Work task:
Beneath this instruction is a listing. Transcribe from it only the stretch from the line with "20歳のガルシアが強烈なパンチを当てる(@premierboxingより)" through the line with "რომანტიკული საცხოვრებელი წყვილისთვის, ცალკე", both end lines included, exactly as written.

Records provided:

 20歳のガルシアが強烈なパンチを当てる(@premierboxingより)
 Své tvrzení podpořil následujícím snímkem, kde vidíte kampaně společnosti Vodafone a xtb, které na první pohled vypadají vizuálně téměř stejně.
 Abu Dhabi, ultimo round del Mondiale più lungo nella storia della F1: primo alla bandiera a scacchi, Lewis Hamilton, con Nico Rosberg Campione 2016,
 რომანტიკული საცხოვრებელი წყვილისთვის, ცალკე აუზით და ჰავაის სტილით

---

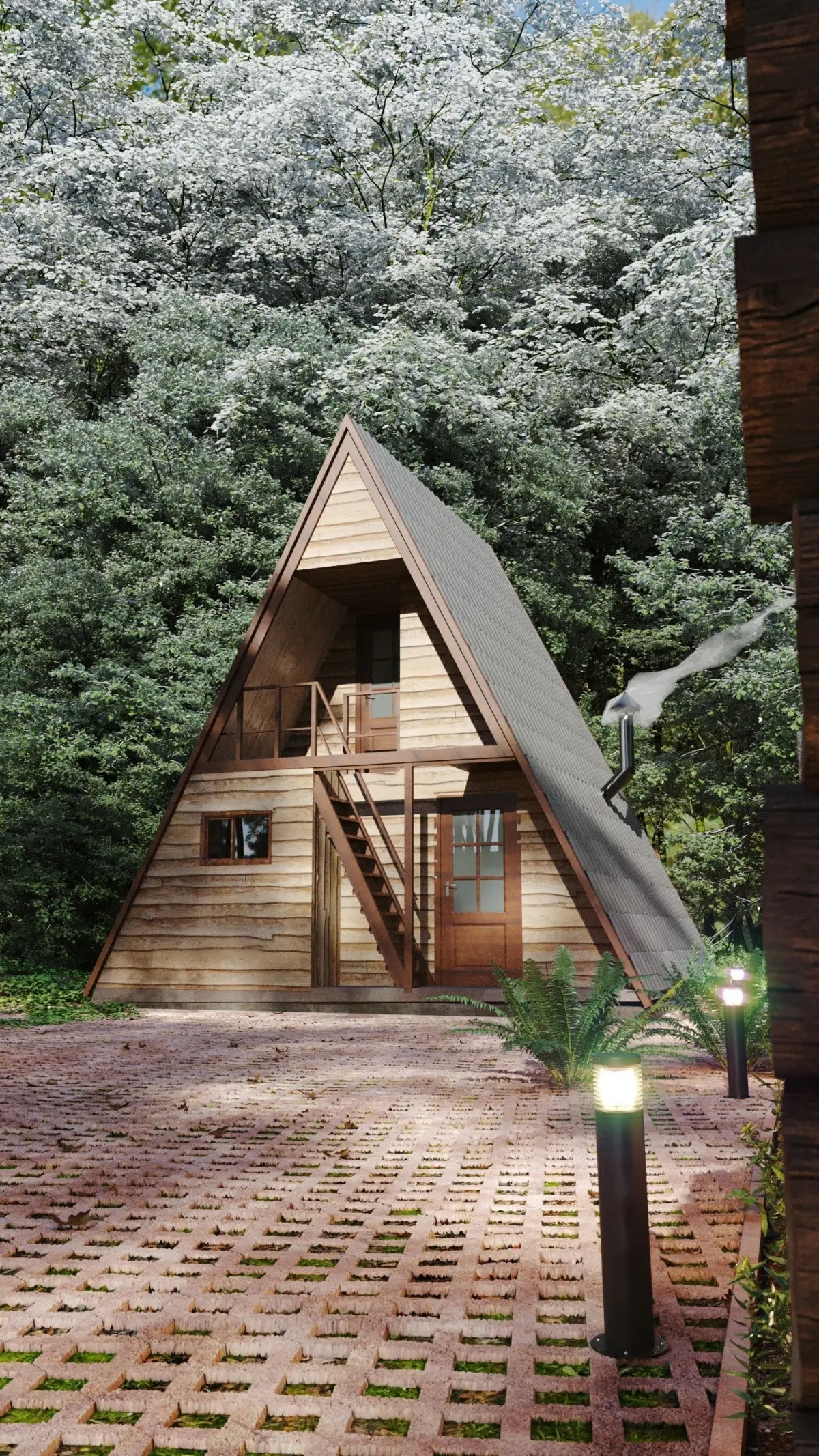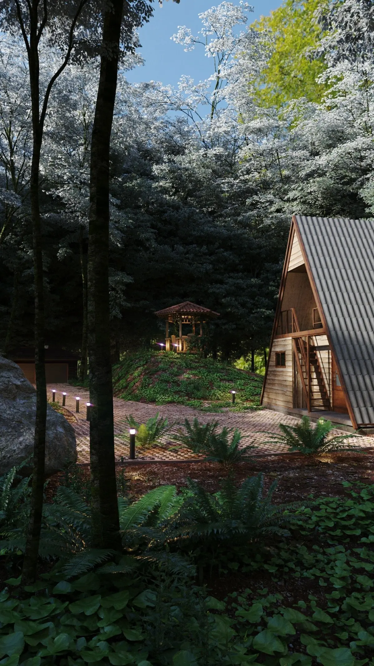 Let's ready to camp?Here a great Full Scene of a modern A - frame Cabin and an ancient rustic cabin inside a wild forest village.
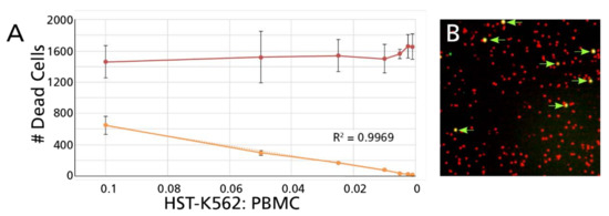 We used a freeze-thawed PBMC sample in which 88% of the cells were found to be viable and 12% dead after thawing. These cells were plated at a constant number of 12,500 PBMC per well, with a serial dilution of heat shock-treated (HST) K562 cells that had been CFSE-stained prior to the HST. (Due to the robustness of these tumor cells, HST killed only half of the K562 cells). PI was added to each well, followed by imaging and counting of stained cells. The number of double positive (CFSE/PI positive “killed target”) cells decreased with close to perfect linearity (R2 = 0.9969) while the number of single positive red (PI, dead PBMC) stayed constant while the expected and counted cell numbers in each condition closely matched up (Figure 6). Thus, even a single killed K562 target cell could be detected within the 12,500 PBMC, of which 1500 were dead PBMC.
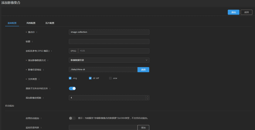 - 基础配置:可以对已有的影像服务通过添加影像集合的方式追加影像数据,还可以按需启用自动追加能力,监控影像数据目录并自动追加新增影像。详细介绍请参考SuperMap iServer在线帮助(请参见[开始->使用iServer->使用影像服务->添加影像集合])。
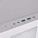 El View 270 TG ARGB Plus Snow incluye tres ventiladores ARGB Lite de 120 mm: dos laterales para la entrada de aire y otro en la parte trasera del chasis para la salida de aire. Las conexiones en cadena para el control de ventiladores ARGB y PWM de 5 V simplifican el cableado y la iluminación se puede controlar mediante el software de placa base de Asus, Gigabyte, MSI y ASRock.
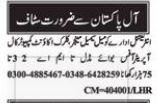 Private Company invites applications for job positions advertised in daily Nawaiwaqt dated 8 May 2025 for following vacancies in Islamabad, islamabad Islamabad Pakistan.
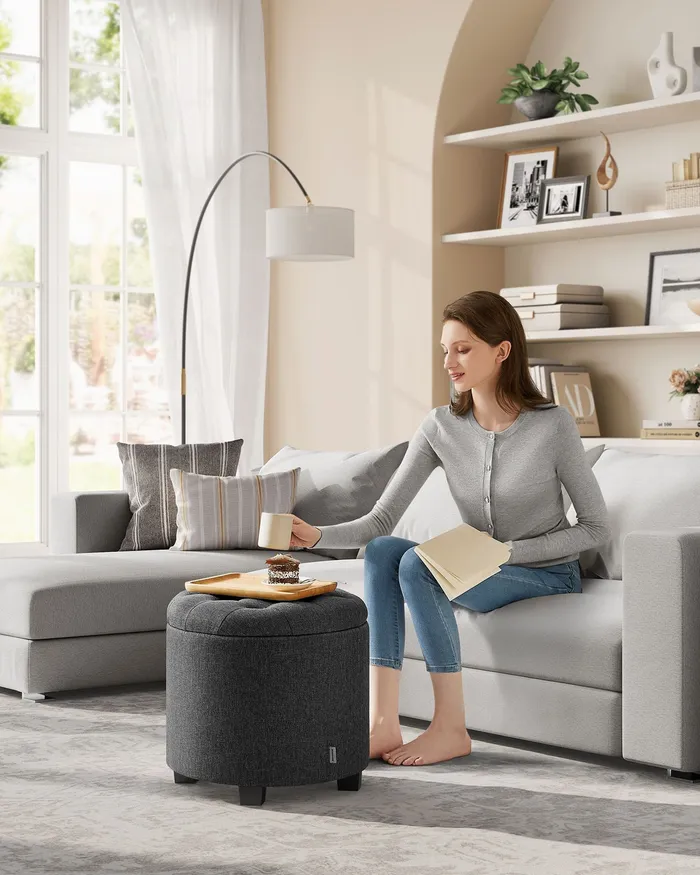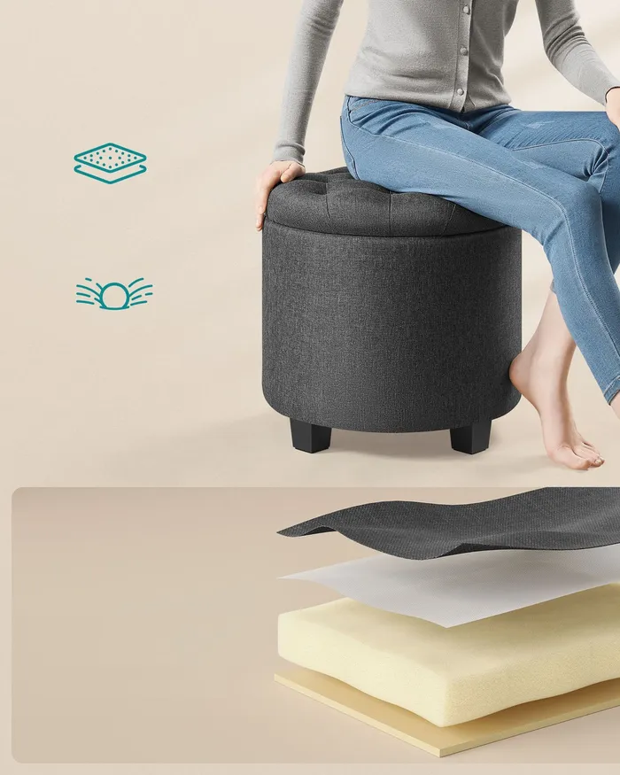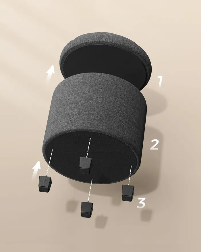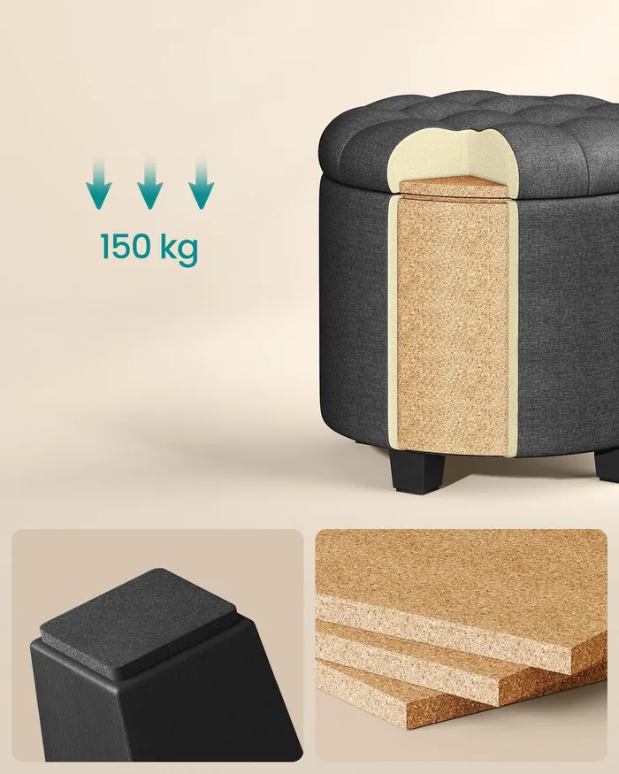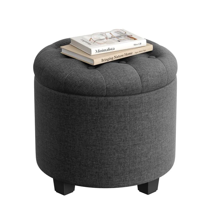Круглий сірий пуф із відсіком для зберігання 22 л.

Task response:
 20歳のガルシアが強烈なパンチを当てる(@premierboxingより)
 Své tvrzení podpořil následujícím snímkem, kde vidíte kampaně společnosti Vodafone a xtb, které na první pohled vypadají vizuálně téměř stejně.
 Abu Dhabi, ultimo round del Mondiale più lungo nella storia della F1: primo alla bandiera a scacchi, Lewis Hamilton, con Nico Rosberg Campione 2016,
 რომანტიკული საცხოვრებელი წყვილისთვის, ცალკე აუზით და ჰავაის სტილით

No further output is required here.